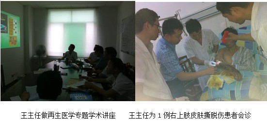 2012年9月26日下午三點(diǎn),應(yīng)該院外科文振偉主任的邀請,中國中西醫(yī)結(jié)合學(xué)會(huì)燒傷專業(yè)委員會(huì)常委兼秘書、《中國燒傷創(chuàng)瘍雜志》副總編輯、北京美寶燒傷創(chuàng)瘍研究所副所長、第二臨床研究部主任王洪生研究員來到該院到該科作學(xué)術(shù)和技術(shù)上的交流和指導(dǎo),參會(huì)人員為該科室全體醫(yī)護(hù)人員共10余人。會(huì)議在該院外科室舉行, 王主任通過大量典型的臨床病例圖片及錄像資料詳細(xì)的介紹了再生醫(yī)療技術(shù)對深度燒傷及難愈性創(chuàng)面作用機(jī)理、再生復(fù)原療法對各種不同深度燒傷及各種難愈性創(chuàng)面治療方法和規(guī)范操作時(shí)的注意事項(xiàng)等,在授課過程之中大家認(rèn)真聽講,并在授課后大家對王主任講課內(nèi)容進(jìn)行了深入的探討,王主任根據(jù)大家提出的問題有針對性的進(jìn)行了講解,會(huì)后王主任對該科一例右上肢撕脫傷病人進(jìn)行會(huì)診,王主任還親自為病人換藥,進(jìn)行了現(xiàn)場的生動(dòng)有效的臨床指導(dǎo)示范。
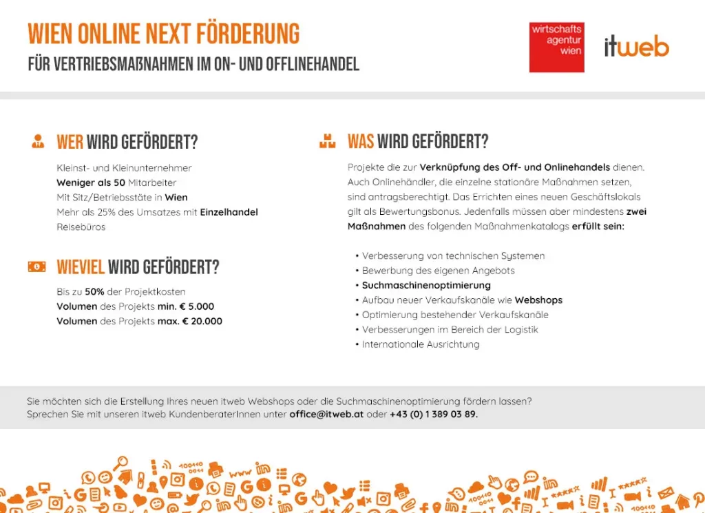 Wenn Sie Fragen zu dieser Förderung haben, können Sie direkt bei der Wirtschaftsagentur Wien anfragen. Sollten Sie ein Projekt mit itweb planen, etwa einen Onlineshop oder Suchmaschinenoptimierung, helfen wir Ihnen auch gerne bei der Antragsstellung.
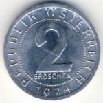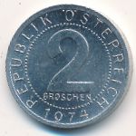 Austria, 2 groschen, 1974 Посмотреть подробную информацию о Austria, 2 groschen, 1974 Посмотреть очень большое изображение Austria, 2 groschen, 1974 Посмотреть другие изображения
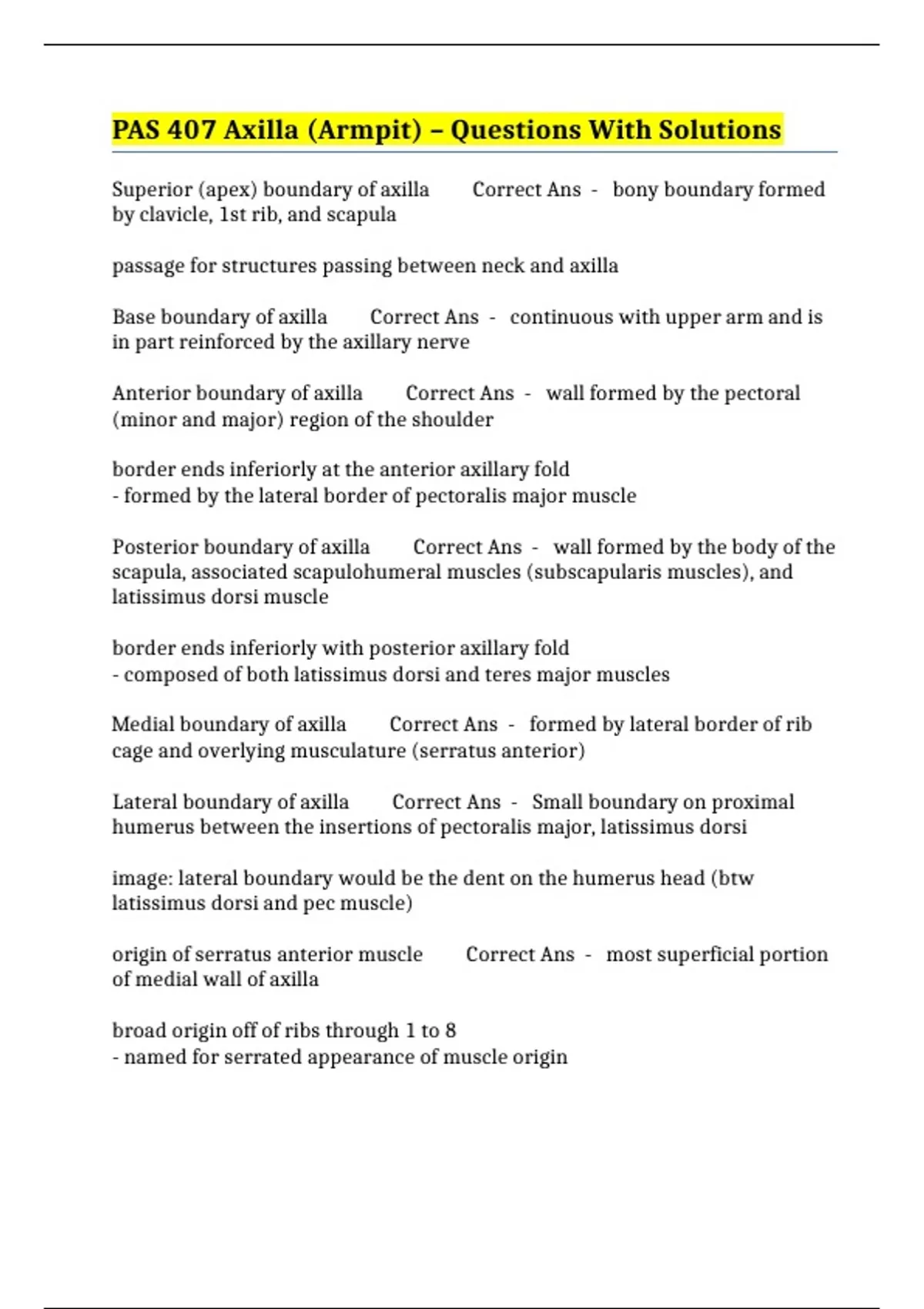 pas 407 axilla armpit questions with solutions
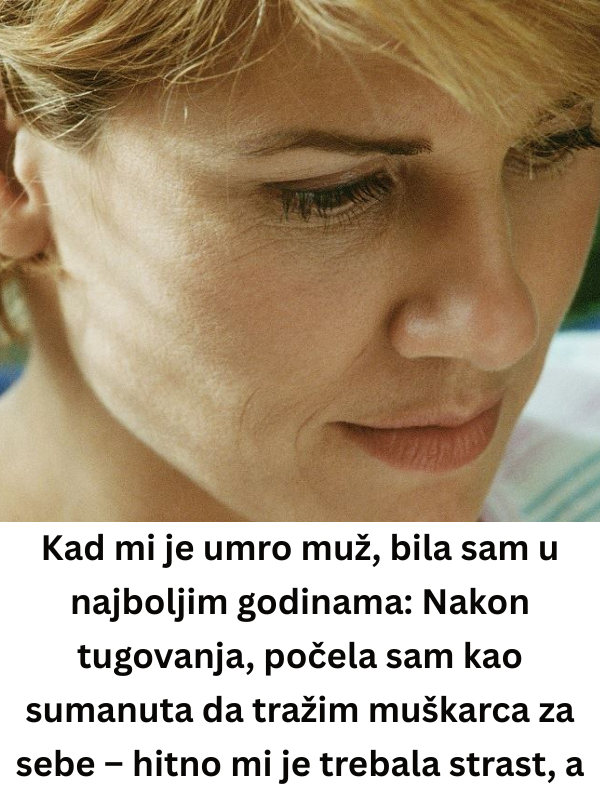 • I tada se desilo nešto što je iznenadilo i nju samu. Počela je da oseća potrebu za prisustvom muškarca. Ne za novom ljubavlju, ne za vezom, već za dodirom, mirisom i prisustvom muškog tela pored sebe. Kao da se u njoj otvorila praznina koja je tražila da bude ispunjena telesnom bliskošću, makar na trenutak. Sve što je do tada bilo vezano samo za njenog muža – poljubac, zagrljaj, intimnost – odjednom je postalo pitanje koje je tražilo odgovor: kako je to kada te dotakne neko drugi?

## Assignment
With pictures excluded, restate word for word the lines from the one that contains "Wenn Sie Fragen" through the end of the material, inclusive, and nothing more.

## Exercise solution
 Wenn Sie Fragen zu dieser Förderung haben, können Sie direkt bei der Wirtschaftsagentur Wien anfragen. Sollten Sie ein Projekt mit itweb planen, etwa einen Onlineshop oder Suchmaschinenoptimierung, helfen wir Ihnen auch gerne bei der Antragsstellung.
 Austria, 2 groschen, 1974 Посмотреть подробную информацию о Austria, 2 groschen, 1974 Посмотреть очень большое изображение Austria, 2 groschen, 1974 Посмотреть другие изображения
 pas 407 axilla armpit questions with solutions
 • I tada se desilo nešto što je iznenadilo i nju samu. Počela je da oseća potrebu za prisustvom muškarca. Ne za novom ljubavlju, ne za vezom, već za dodirom, mirisom i prisustvom muškog tela pored sebe. Kao da se u njoj otvorila praznina koja je tražila da bude ispunjena telesnom bliskošću, makar na trenutak. Sve što je do tada bilo vezano samo za njenog muža – poljubac, zagrljaj, intimnost – odjednom je postalo pitanje koje je tražilo odgovor: kako je to kada te dotakne neko drugi?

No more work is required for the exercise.